[英]Intrinsics for binary matrix vector multiplication
I am trying to implement a matrix vector multiplication over a binary field. 我正在尝试在二进制字段上实现矩阵矢量乘法。 The vector x is of dimension 1xa and the matrix M is of dimension axb and the the result y = a * M is of size 1xb. 向量x的尺寸为1xa,矩阵M的尺寸为axb,结果y = a * M的尺寸为1xb。 Right now, I implemented it such that x and M are of type uint8_t*, ie, I concatenate the columns of M as they are also accessed successively. 现在,我实现了它,使x和M的类型为uint8_t *,即,我将M的列连接起来,因为它们也可以连续访问。 The function looks like: 该函数如下所示:
void mul(uint8_t M, size_t a, size_t b, uint8_t* x, uint8_t* y) {
uint8_t val;
uint8_t *ptr;
for(size_t i = 0; i < b; i++) {
val = 0;
ptr = M + i * a;
for(size_t j = 0; j < a; j++) {
val ^= (x[j] & *ptr++);
}
y[i] = bit;
}
}
M and x have been allocated by the caller as M和x已由调用方分配为
M = malloc(sizeof(uint8_t) * a * b);
x = malloc(sizeof(uint8_t) * a);
y = malloc(sizeof(uint8_t) * b);
As this routine is called billion of times, I need to optimize the shit out of it ;) To do so, I was thinking of 由于该例程被称为数十亿次,因此我需要对其进行优化;)为此,我在想
ap = (size_t) ceil ((double) a / 64); ap =(size_t)ceil((double)a / 64); Mp = (size_t) ceil ((double) (a*b) / 64); Mp =(size_t)ceil((double)(a * b)/ 64);
So far, I accomplished the (left aligned) packing (with proper alignment) of M and the multiplication as 到目前为止,我完成了M的(左对齐)打包(正确对齐),并且乘法
typedef uint64_t word;
#define WORD_BITS (CHAR_BIT * sizeof (word))
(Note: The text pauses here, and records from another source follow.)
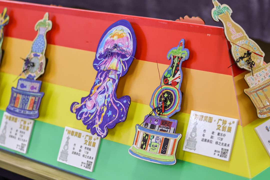在青少年艺术创意作品展区,作品以广钟真品样式作板面,或描画传统纹样、岭南风貌,或勾勒现代线条、缤纷色块,用不同的风格表达对时间的理解,让非遗焕发出新的光彩。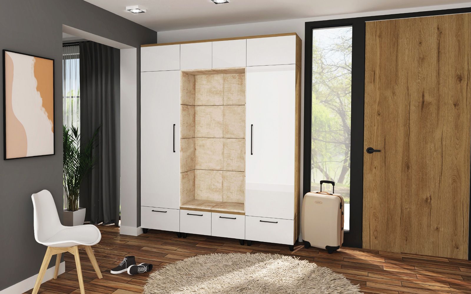 Kolekcja do garderoby Mastania to eleganckie i funkcjonalne rozwiązanie do przechowywania. Jej nowoczesny design, wysokiej jakości materiały zapewniają maksymalne wykorzystanie przestrzeni i łatwy dostęp do ubrań. Kolekcja Mastania łączy estetykę z praktycznością, tworząc idealne miejsce do organizacji i przechowywania odzieży w stylowy sposób.
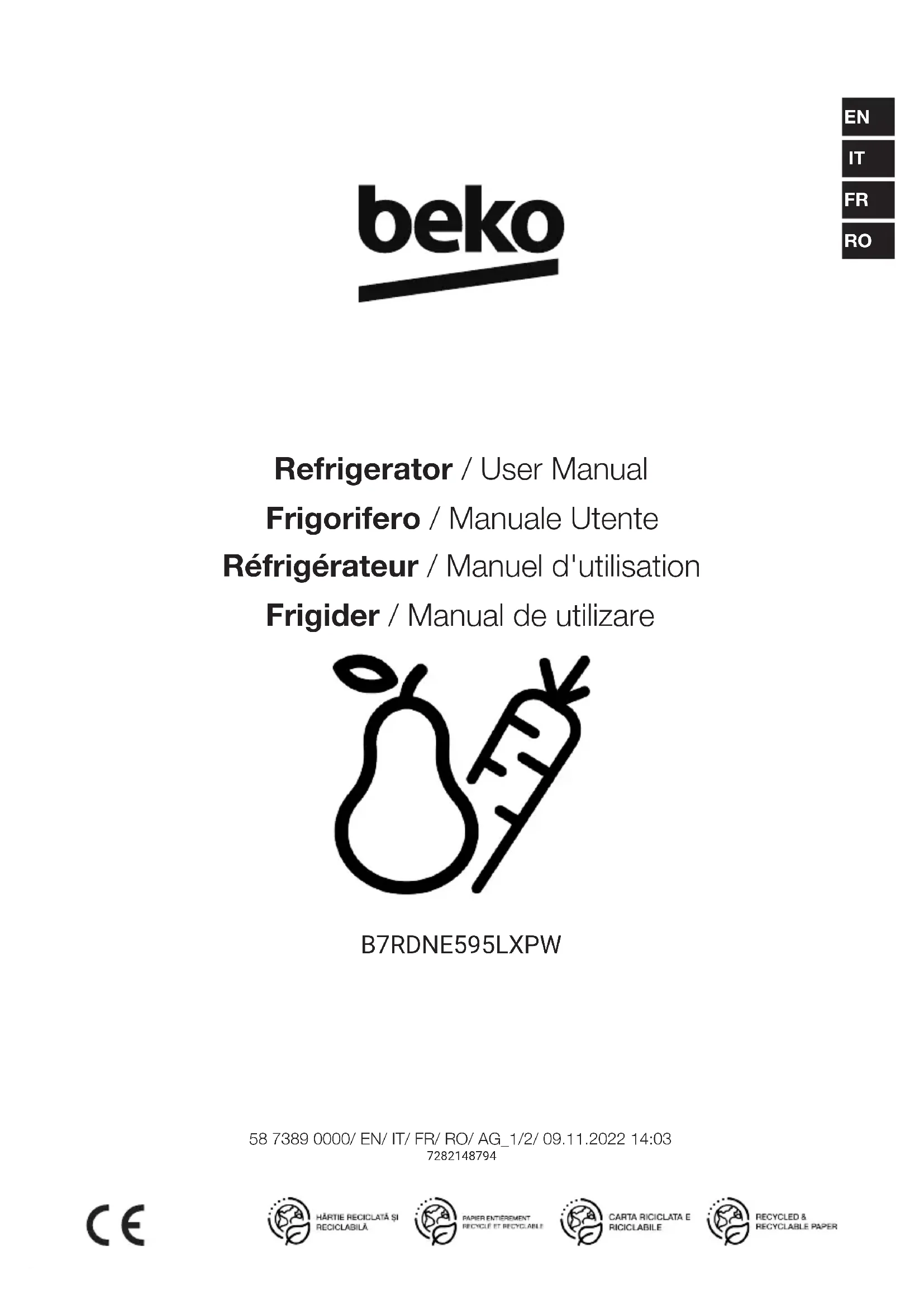 B7RDNE595LXPW - Réfrigérateur BEKO - Notice d'utilisation et mode d'emploi gratuit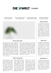 Die "WELT KOMPAKT" erscheint von Montag bis Freitag im Axel Springer Verlag. Bei GENIOS sind daneben auch "DIE WELT" und "WELT am SONNTAG" verfügbar.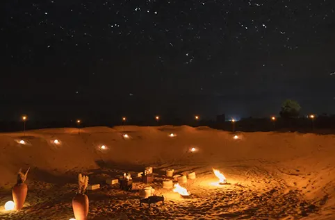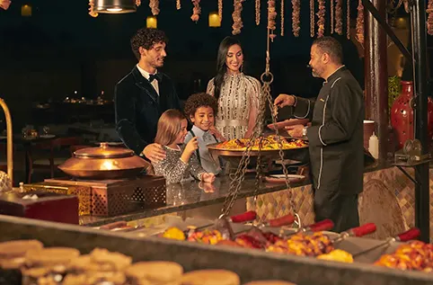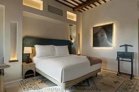 Set within the tranquil Al Marmoom Desert Conservation Reserve, Bab Al Shams feels worlds away yet lies just 45 minutes from the heart of Dubai. Guests can explore the surrounding sandscape by 4x4, camel, or horseback, witness wildlife like the Arabian oryx, or rise above it all in a private hot-air balloon. Beyond the dunes, Dubai’s vibrant cityscape awaits – from world-class shopping to soaring architecture – offering the rare luxury of true contrast: immersive desert calm within easy reach of urban thrills.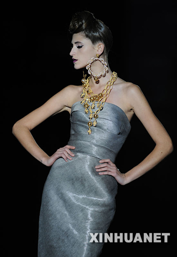 2月20日,模特在西班牙马德里时装周上展示设计师汉尼巴尔·拉古纳的作品。 第51届马德里时装周于2月18日至23日举行。 新华社记者陈海通摄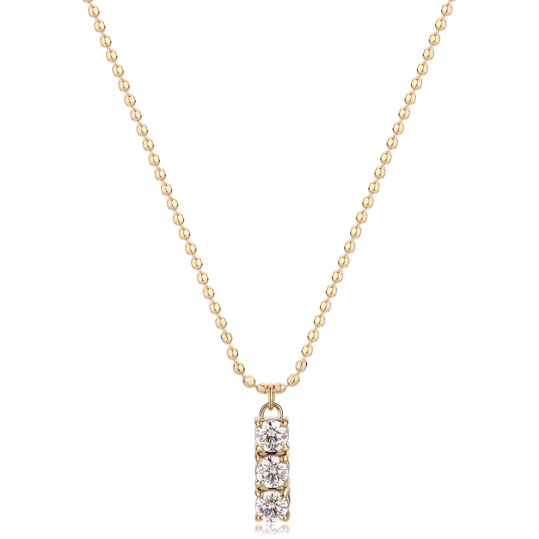 Collana girocollo a sfere piccole in acciaio 316L, finitura pvd oro 14K e pendente centrale con cubic zirconia.

void mul_fast(word *M, size_t Mlen, word *x, size_t xlen, size_t b, word *y) {
for(size_t i = 0; i < Mlen; i++) {
y[i/xlen] ^= (M[i] & x[i % xlen]);
}
for(size_t i = 0; i < b; i++) {
y[i] = __builtin_popcountll(y[i]) & 1;
}
}
However, it turns out the above is much slower then the straight-forward implementation of mul(). 但是,事实证明,上述方法要比mul()的直接实现慢得多。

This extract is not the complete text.